Returning now to FIG. 4 , in an embodiment, the connector 400 does not have the front flange 218 of the connector 200 so that the outer diameter DOS of the front barrel 404 is the same as the maximum diameter of the mating end 402. This allows the outer diameter DOS of the front barrel 404 to be larger than the outer diameter the front barrel 204 so that the inner diameter DIS of the front barrel 404 may be increased without reducing the thickness T of the front barrel 404 below the minimum allowable. This also allows the outer diameter DOC of the center receptacle 412 of the connector 400 to be larger than the outer diameter DOC of the center receptacle 212 of the connector 200, thereby accommodating a larger current flow while still achieving a desired impedance.
FIG. 7 is a cross sectional drawing of a G-type plug 700 usable with both the jack 200 of FIG. 2 and the jack 400 of FIG. 4 , and showing a barrel 702, optional exterior threads 704 over at least a portion of the barrel 702, a center pin 706, a base insulator 708, an optional flange 710, and internal grounding springs 712.
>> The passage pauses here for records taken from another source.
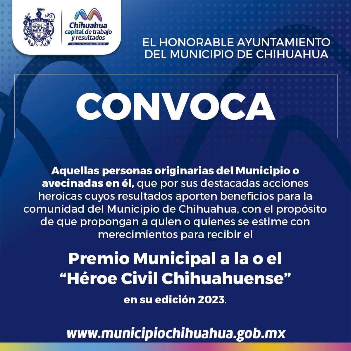 El Gobierno Municipal lanzó la convocatoria Héroe Civil Chihuahuense, el cual recibirá una placa conmemorativa y un premio de hasta 20 mil pesos (200 veces el valor diario de la Unidad de Medida y Actualización -UMA- que actualmente se cotiza en 103.74 pesos, según el Inegi).
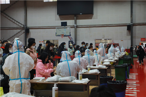 学校新冠疫情防控领导小组办公室于3月19日晚向全校发布紧急全员核酸检测通知,20日一早统筹调度后勤处、体育艺术部、校团委、保卫处、丹田物业公司等部门,在训练馆内快速布置18个检测台。学士街道斑马塘社区及学士街道卫生服务中心派出20余名医护人员进驻我校支持开展采样工作。
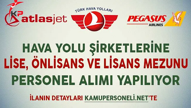 Türk Hava Yolları, Pegasus Hava Yolları ve Atlasjet Havacılık A.Ş tarafından yayımlanan personel alım ilanlarına çeşitli eğitim seviyelerinden mezun adaylar başvuru yapabilecekler.
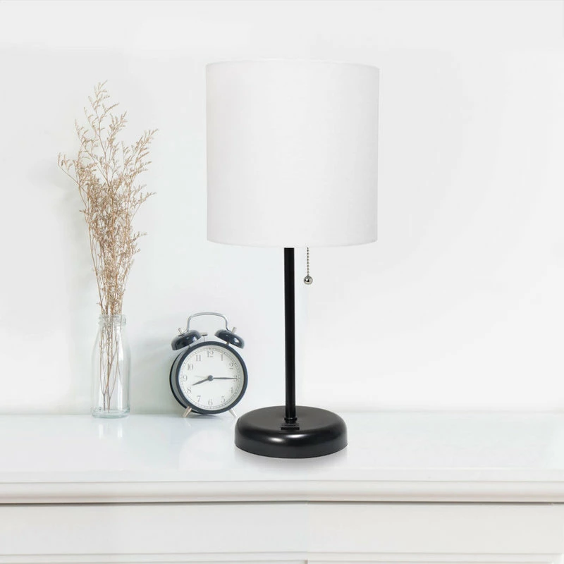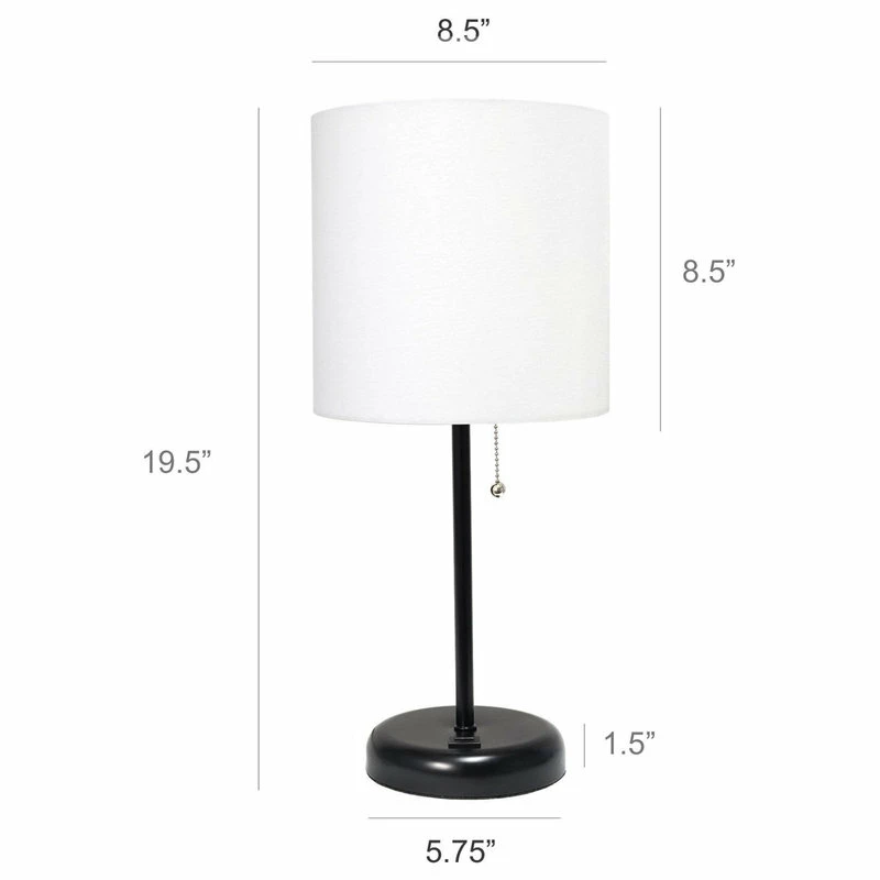 This fun and fashionable lamp features a black base and a fabric shade. It comes equipped with a USB seated in the base for use to charge mobile phones, handheld games, tablets, and other small electronics. This lamp will add a fabulous flair to any room. Perfect for bedrooms, kids and teens, college dorms, nurseries, or fun offices!
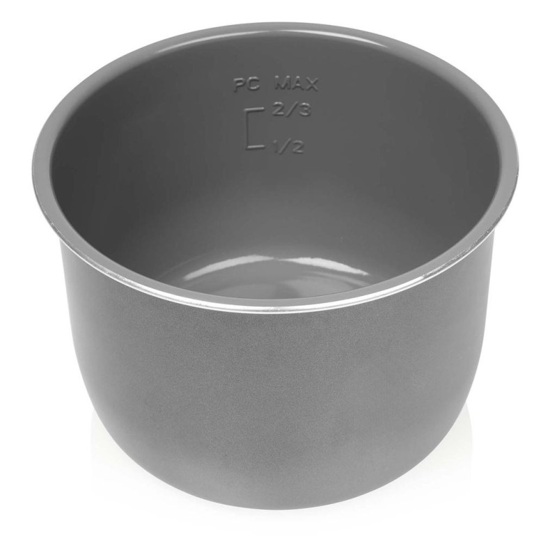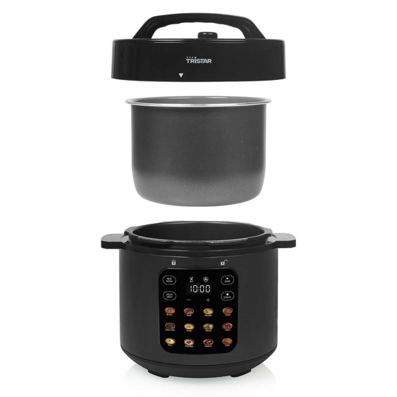 6L tryckkokare i rostfritt stål med digital kontrollpanel, 12 förinställda program och 1000W effekt. Inklusive mätkopp och ris-sked.
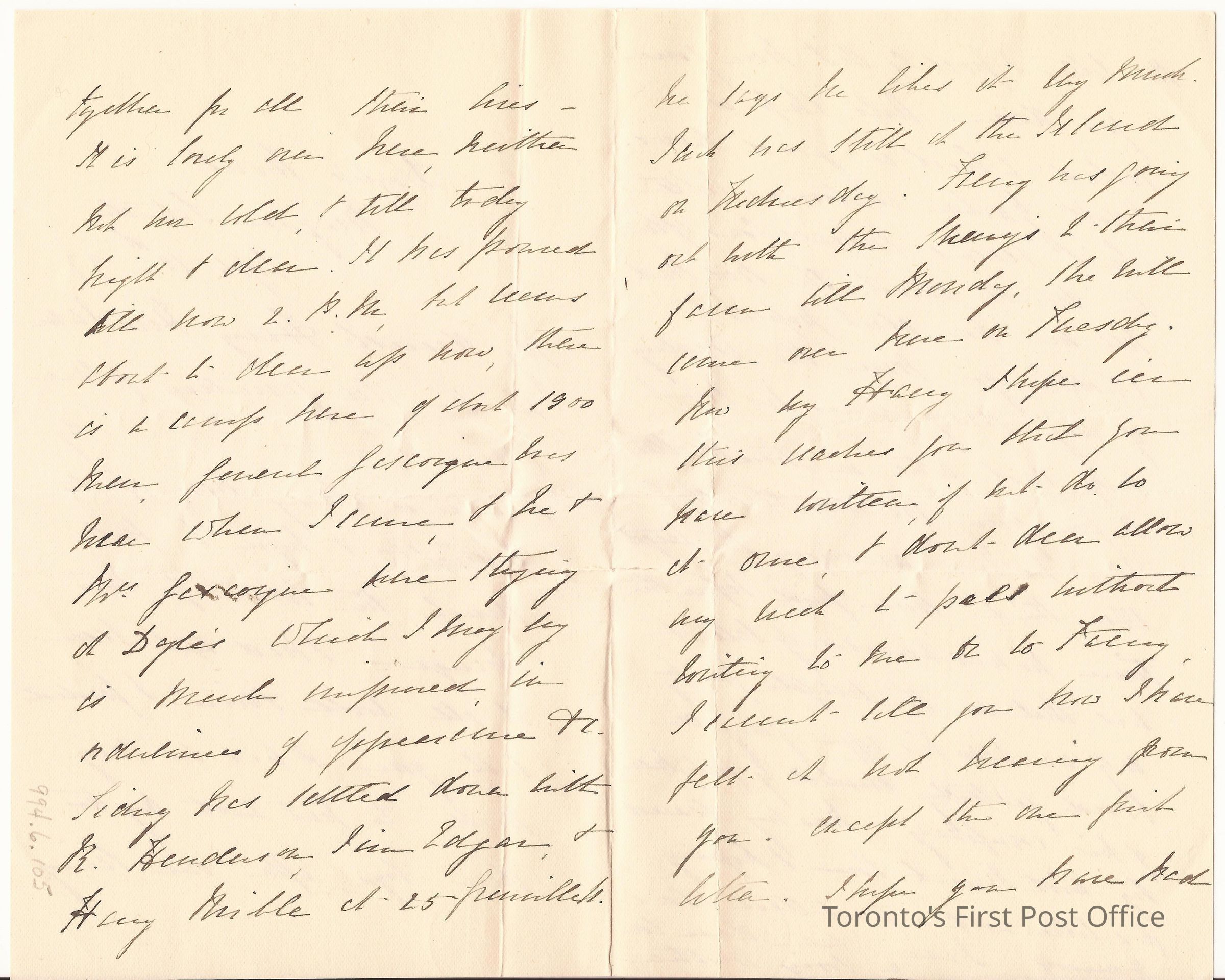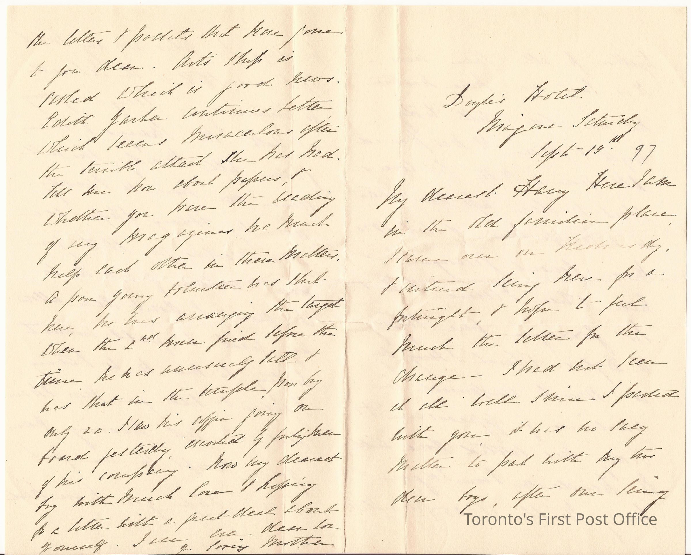 Letter; to Harry; from Mother; dated: Doyle's Hotel, Niagara, Saturday, Sept 19th 97; re: 2 weeks at Niagara; death of young volunteer via shotgun wound and burial; black ink; watermark: shield surmounting "VELLUM" on banner.Dimensions
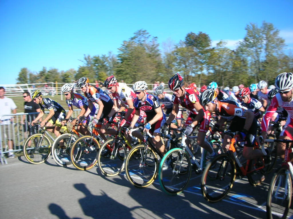 Got in the car Thursday night after standing in my garage for an eternity building cross bikes and drove the 10 hours to Cincinnati for 3 cyclo-x races. That is so cool that the promoters got together and have that many races on one weekend. Anyway, it drew a pretty good field in both the men’s and women’s fields. Actually really good fields. Katie Compton, Georgia Gould, Sue Butler, Jeremy Powers, Barry Wicks, Jerimiah Bishop, plus many more. Anyway, the course was pretty bad. It hasn’t rained here in months and it was bumpier than sh**. And there were a million u-turn corners. Very hard course to get any sort of rhythm on. And I had very little rhythm to dance to today. There were over 50 starters in the men’s race. I started OK. Got into the grass in 6th, behind Eric Tonkin. It was so tight for the first few minutes I could talk to him. Not a normal cyclo-x thing. He was having some cornering issues and it was gassing me. A big gap and then a hard acceleration. So, after a lap and a half, Jerimiah Bishop, Troy Wells and a couple others went by. I felt like quitting and saving it for the weekend, but thought there might be an outside chance that I could still finish in top ten and get some UCI points. But, I never got going and ended up 13th. So I’m steadlily moving down in results in UCI races weekend to weekend. Last race 12th’s. This 13th. And it wasn’t an easy 13th. Not that cyclo-x is ever easy, but this seemed extremely painful for some reason. Probably because it was in the mid 80’s temperaturewise. And it is supposed to be the same the next two days. Great! I’m not doing so well in the heat this fall. My travelling compatriots didn’t fair so well either. Catherine Walberg returned from Europe on business late Wednesday night and got in to the van at noon the next day. She took a bike with here, but only rode it a couple days in Paris and hadn’t been on it for most of the past week. She tied me with a 13th place finish. Bill Stolte came looking for one measly UCI point for the weekend. Not today. He was 25th, which is the last paying place ($19). He had some mechanical issues and had to make a few stops into the pit. It should go better for him the next two days I’d think. So, two more painful days for me to look forward to. At least it’s a weekend and we get a reprieve and don’t have to endure the stocks market woes/economy disaster for two more days. Cycling is a simple life in comparison. Results from my recollection as follows (don’t hold me to these!).
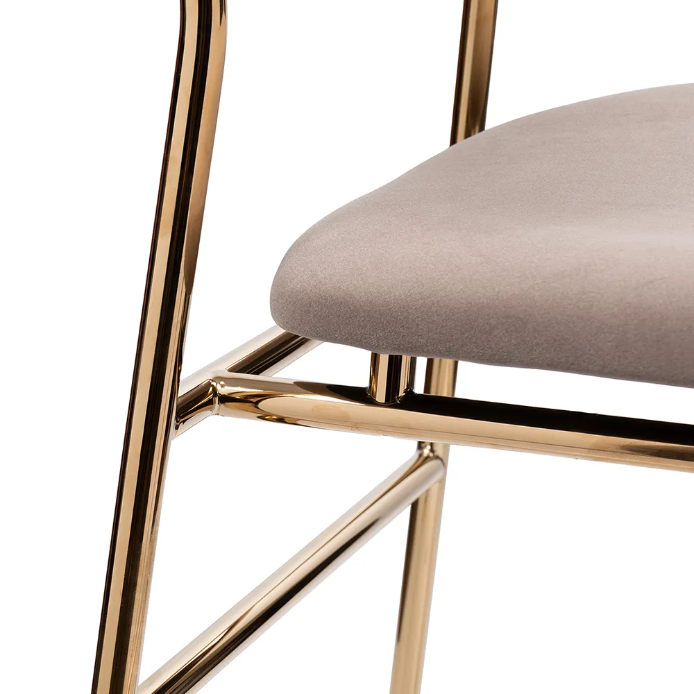 Ножки стула изготовлены из полированной нержавеющей стали с покрытием из нитрида титана, что создаёт эффект натурального золота и придаёт изделию роскошный вид.
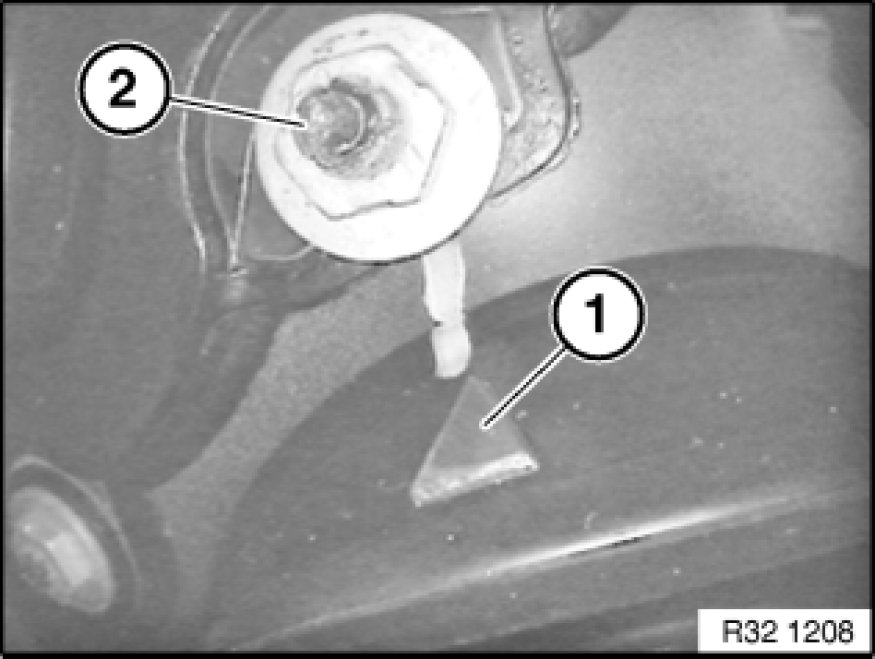 To prevent the sleeve from slipping out and to avoid complaints by the customer about noise, make sure that sealing lip (1) on engine compartment side rests against bulkhead all round and sealing lip (2) in inside the car rests against the damping.

In an embodiment, the internal grounding springs 712 are preferably set toward the rear 714 of the plug 700. This allows the plug 700 to be used with the conventional jacks 200. The grounding springs 712 may be set more forwardly but should not be set so forward that they can become entangled with the grounding springs 216 of the conventional jack 200. If the plug 700 will not be used with conventional jacks 200 then the grounding springs 712 may be placed at any desired point inside the barrel 702.
FIG. 8 is a cross sectional drawing of the plug of FIG. 7 configured for use as a seizure interface plug and so includes the optional threads 704 of FIG. 7 . For blind-mate applications, especially in outdoor industrial applications, a “seizure interface” plug may be used and is typically threaded into another assembly which will connect to an external cable.
In an embodiment, the internal grounding springs 712 are embodied in a spring gasket 800, i.e., a metal band 802 with a plurality of slots 804 in it, as shown in FIG. 8 .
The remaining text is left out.